Otherwise, if you don’t work at things in this way, you get stuck in the idea that the practice shouldn’t take work, that you shouldn’t try to develop anything. All you need to do is let go of everything all at once, and there you are: the quick fix, the impatient fix. And of course there’s the pride that goes with that attitude, too: the sense that you’re beyond having to put any effort into the practice. But it’s a useless pride. It doesn’t go anywhere. You have to put that useless pride aside, and instead develop the humility that realizes that this is something you really have to work hard on.

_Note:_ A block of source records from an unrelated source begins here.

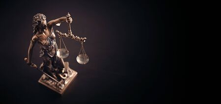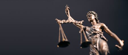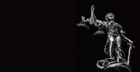 Lady Justice female statue in law on black backdrop. Law and justice concept
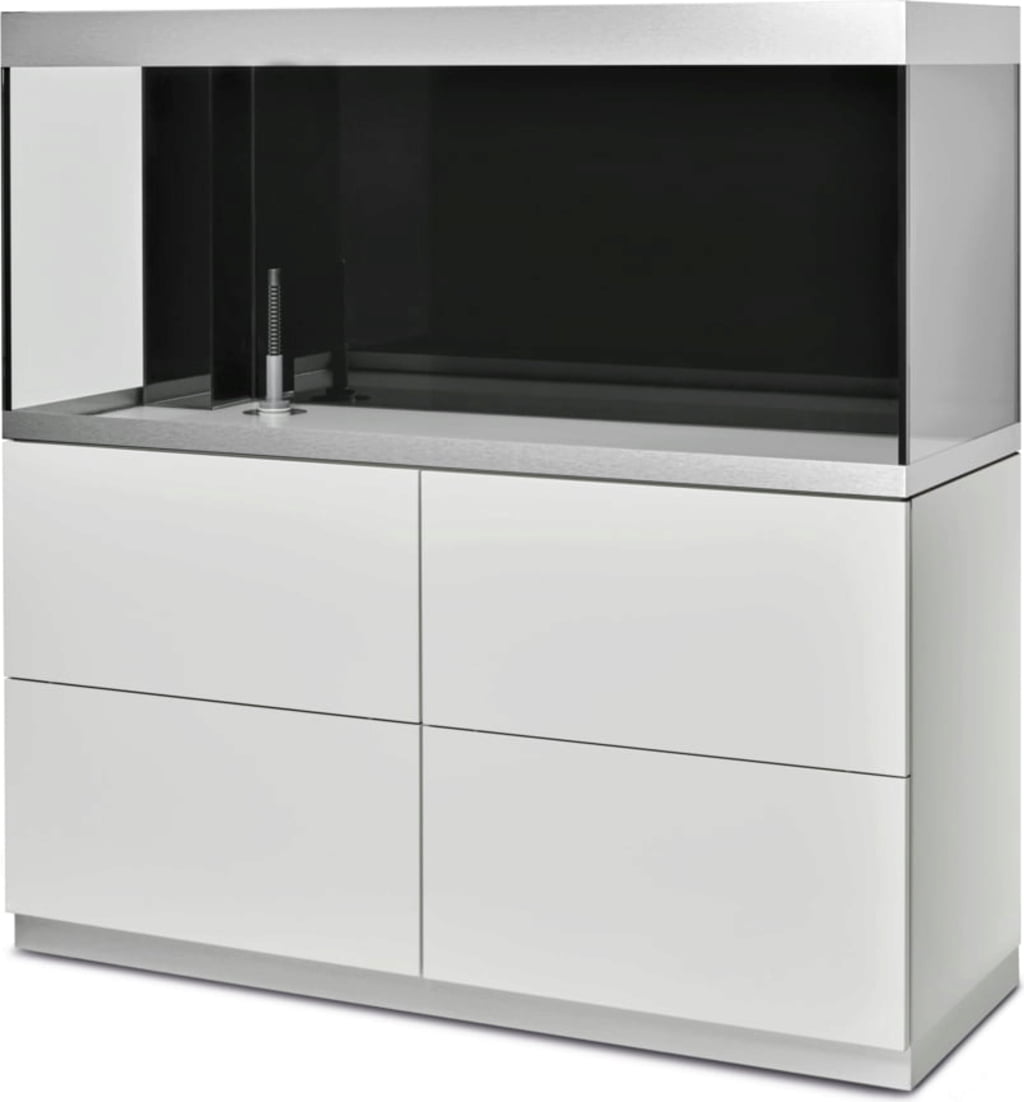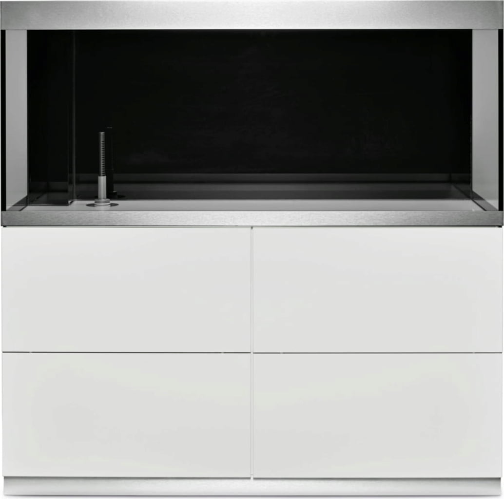 Las puertas del armario inferior sin tiradores con apertura por presión garantizan líneas limpias, y los embellecedores de aluminio del acuario ocultan los bordes antiestéticos. Los armarios HighLine para acuarios a partir de 200 litros pueden equiparse opcionalmente con hasta dos cajones en el armario inferior, proporcionando así más espacio de almacenamiento.
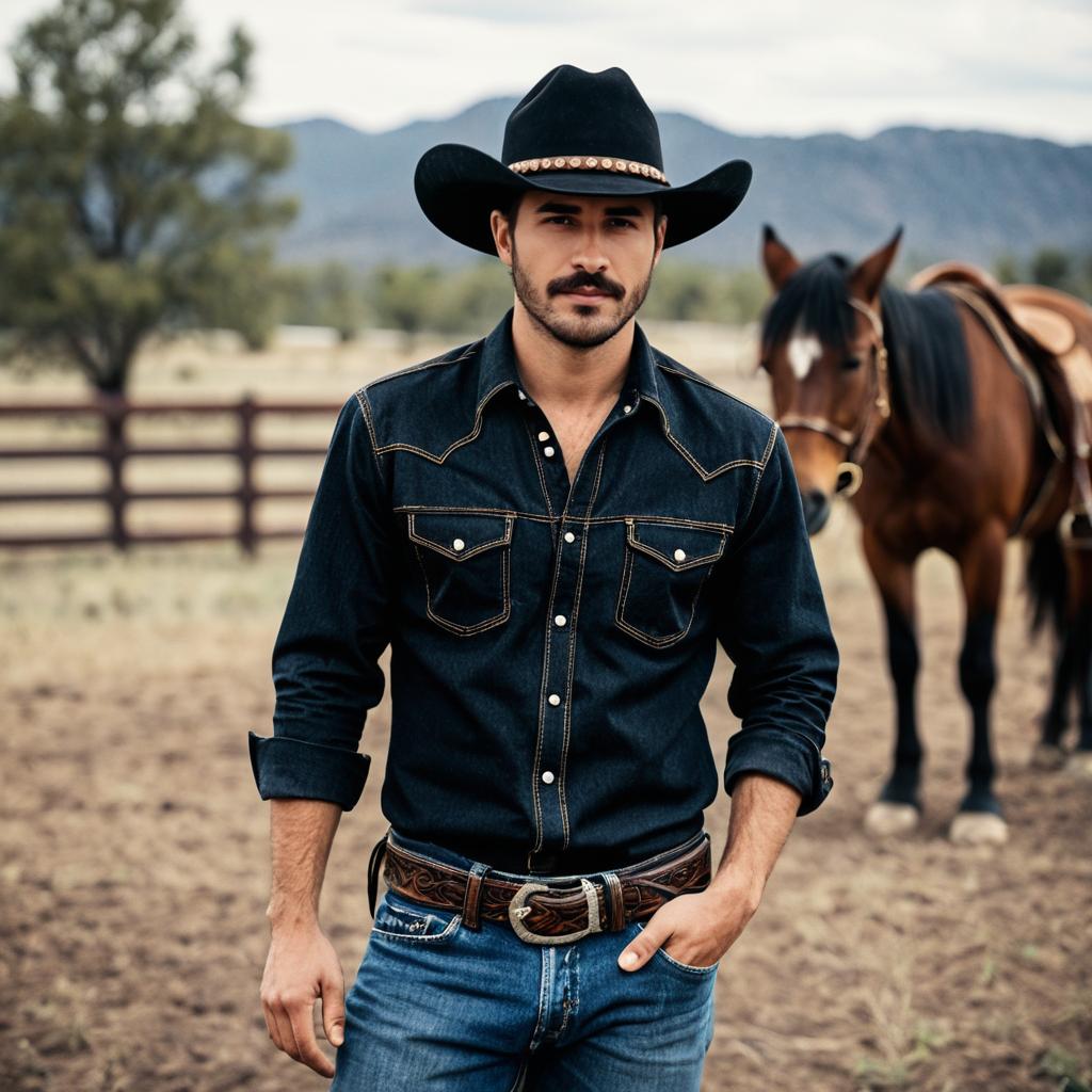 Modern cowboy attire male,1boy, male focus, cowboy hat, hat, solo, cowboy western, shirt, belt, outdoors, facial hair, pants, brown belt, denim, collared shirt, blurry, blurry background, jeans, standing, black shirt, cowboy shot, horse, mustache
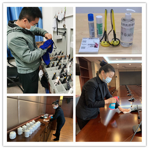 各楼宇加强疫情防控宣传工作,在出入口摆放“进入楼宇,请佩戴口罩”的温馨提示;同时积极协调,安排每日到岗人员,持续对公共区域及重点区域进行全面消杀;组织物资、材料,按规范操作模式,在约260个点位的电梯按钮旁,放置专用纸巾、张贴“温馨提示”、设置不锈钢垃圾桶,及时满足师生使用需求。教室多媒体设备管理办公室严格执行外借设备消杀程序,借出前、收回后采用消毒液擦拭;每天中午和晚上课后时间,对设备进行15-30分钟的紫外线消杀。收发室内,物业人员严格核实邮局对信件消杀情况,确保信件消杀后再入校;在公共用具区域摆放免洗消毒洗手液,供办理寄递业务的师生使用。
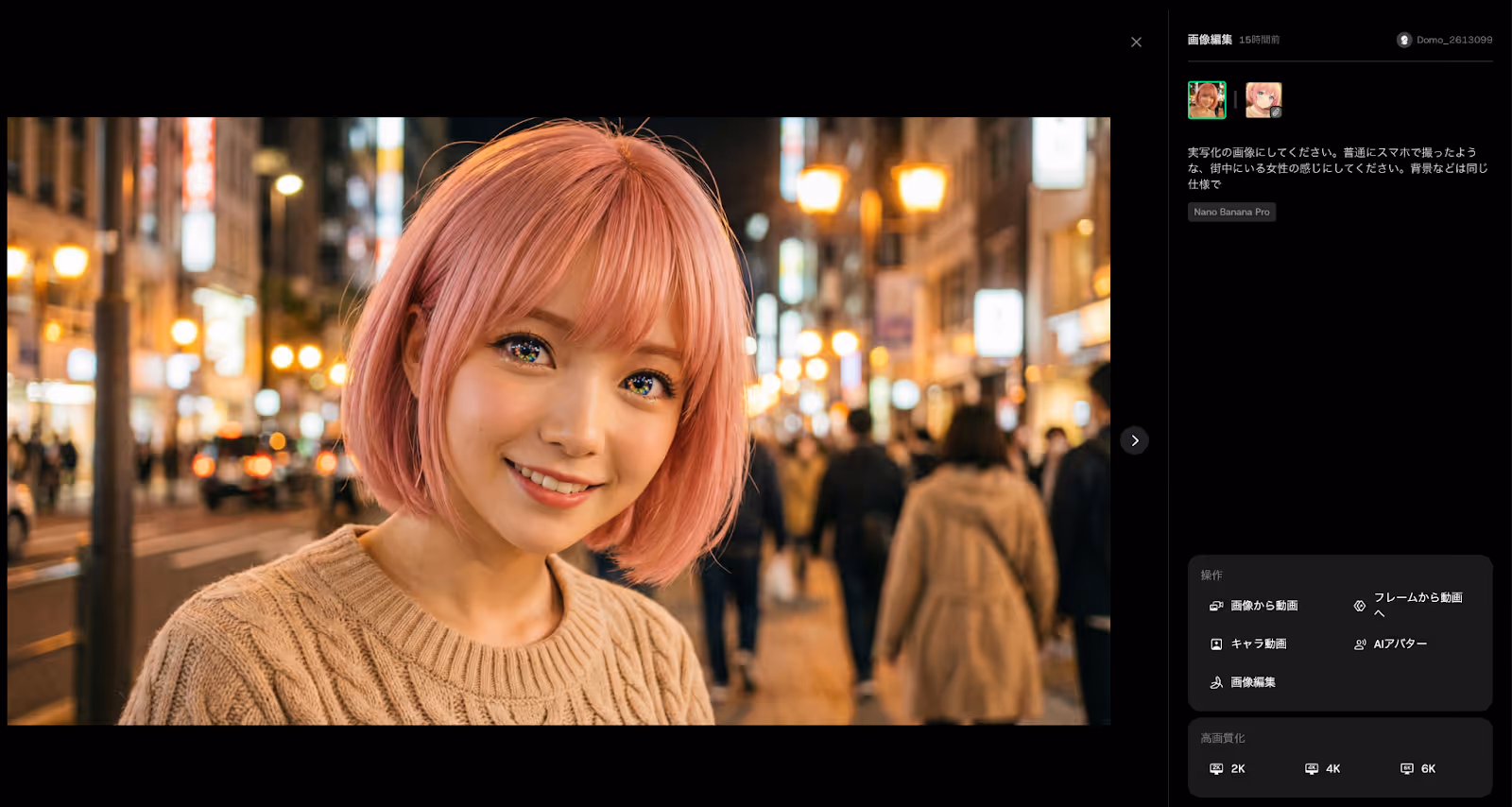次に、生成したアニメ画像をNanoBanana Proで実写風の画像に変換します。
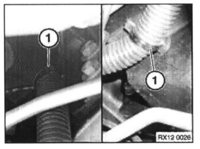 Remove nuts (2) securing left hand and right hand exhaust mounting brackets to body.
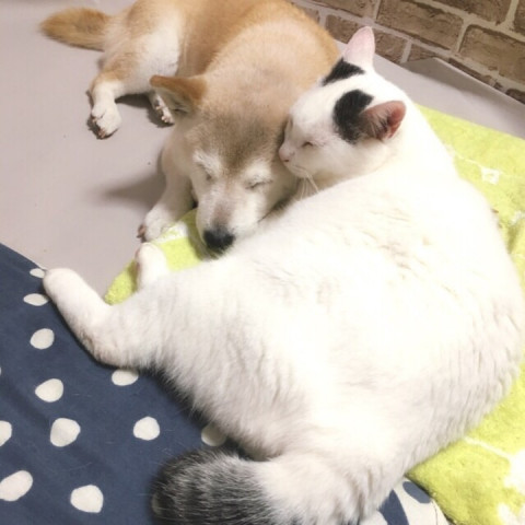 老犬の「しの」さんと、猫の「くう」ちゃん。
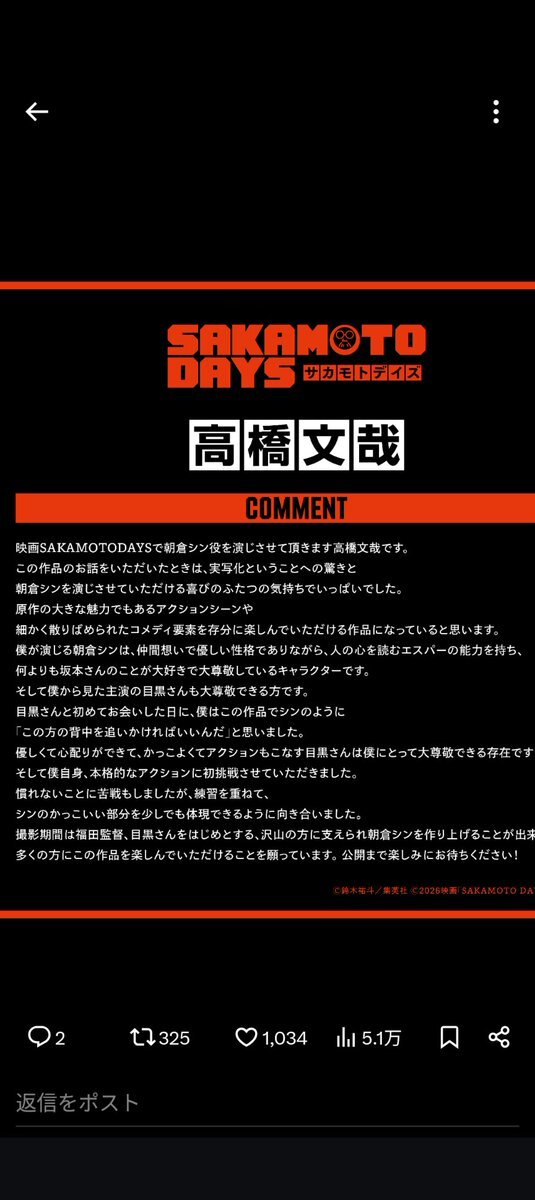アニメから出てきたまんまのシンくん そのものです! 坂本さんを尊敬して止まないシンくん そんなふたりの関係とアクションも ますます楽しみです!! #SAKAMOTODAYS #目黒蓮 #高橋文哉 x.com/skmtdays_movie…
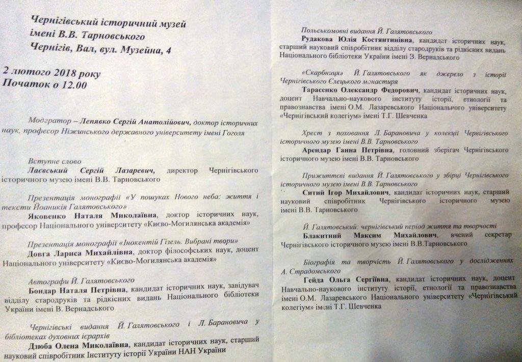 У повідомленні кандидата історичних наук, доцента Національного університету «Чернігівський колегіум» імені Тараса Шевченка Олександра Тарасенка йшлося про відомості в творах Й. Галятовського з давньої історії Чернігівського Єлецького монастиря. Надзвичайно зацікавила присутніх розповідь головного зберігача Чернігівського історичного музею Ганни Арендар про хрест з поховання Лазаря Барановича і атрибуцію записів на ньому. Кандидат історичних наук, старший науковий співробітник Чернігівського історичного музею Ігор Ситий ознайомив учасників з особливостями раритетних прижиттєвих видань Й.Галятовського у музейній збірці.
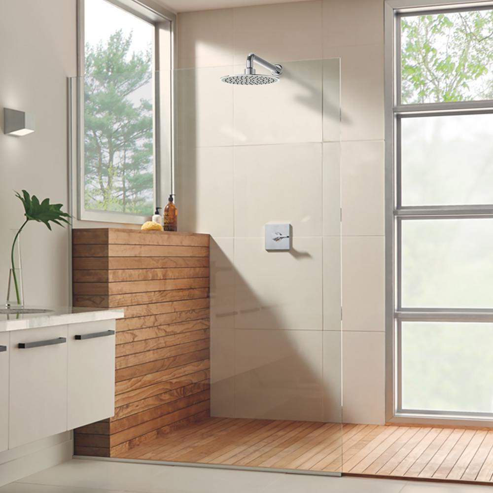 This 1-Spray 8 in. Round Shower Head in Chrome features a modern and unique design that will complement a variety of contemporary bathroom decor. Simple to use and maintain, the showerhead features rub-clean spray nozzles that help prevent mineral build-up and easily wipe clean. This lustrous collection works seamlessly with today's lifestyles, providing you style and on-demand water flexibility to enhance your showering experience.
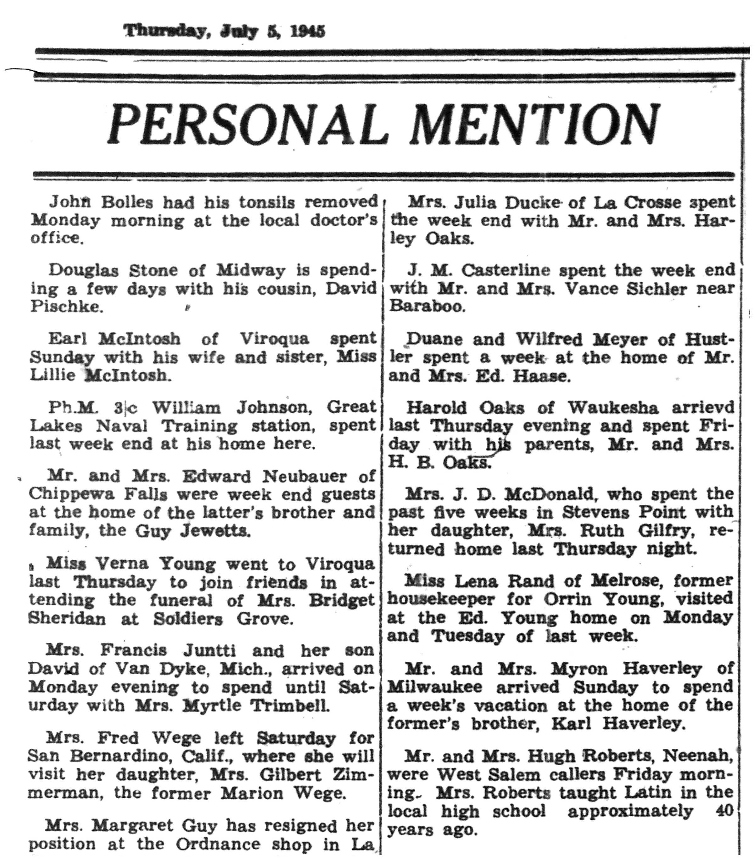| 1945-7-5 | La Crosse County Record p8 |

But it’s not all hard work. After all, you’re working with a sense of pleasure here. And you get better and better at it. The pleasure gets more refined, more subtle, more continuous. This is an important thing you’ve got to work on. But as the Buddha points out, you can still create a very subtle sense of pride around your accomplishment. He says, “That’s the difference between a true person and an untrue person.” He asked for one quality in his students. “Bring me,” he said, “a person who’s honest and no deceiver, and I’ll teach that person the Dhamma.” After all, it’s our ability to deceive not only others, but also ourselves that’s the big issue in the practice. And it’s your willingness to see through your own self deceit that’s going to make all the difference.
This is how the practice captures that self deceit: You corner it in the little sense of self hiding behind the concentration, saying, “I’m pretty good here. I’m better than those other people who don’t have my level of attainment.” Once you’ve cornered it, you can turn around and see it clearly. As Ven. Ananda states, you need to use conceit to get started on the practice, but there comes a point, after the conceit has made you skillful, where you need to see it in action and realize that you don’t want to create it any more.
So meditation is not just a matter of mastering the technique. Once the technique is mastered, you need to keep at it, to look around, until you see the blind spots still there in the mind. Even when you develop really great powers of mindfulness, really great concentration, there can still be these blind spots—the mind’s habitual areas of tricking itself, hiding its motives from itself. That’s where circumspection comes in. It’s what allows you to see all around until you finally see the trickiness of the mind. That’s when you can let it go. You can just drop it because you realize that so much of your life has been wasted with the mind playing tricks on itself.
This is why awakening is a chastening experience. If it were simply a matter of having mastered a technique, there could still be the pride going along with the mastery. Of course, the technique is necessary as part of the strategy, but it’s not an end in and of itself. It’s only the foundation for the insight and circumspection that allow you to see the mind’s own self deceptions, its willed ignorance, the tricks it’s been playing on itself while looking for quick and dirty ways for getting happy.
You have to use the technique, staying with the breath, staying with the body, to look around, so that you can catch the mind in the act of lying to itself, hiding things from itself, and then you can grow up. This insight is chastening because it enables you to realize the mind’s deceits, its willingness to do stupid things even though it knows better.
So gaining that insight doesn’t come with a moment of pride; it comes with a moment of feeling chastised—and then growing up.
For this reason, work on this quality of circumspection, this quality of being very, very observant as you master the technique, because your powers of observation allow you not only to gain more and more skill with the technique, but also to see through the curtains you’ve set up in the mind. Only by seeing through the curtains can you unfetter the mind and make it free.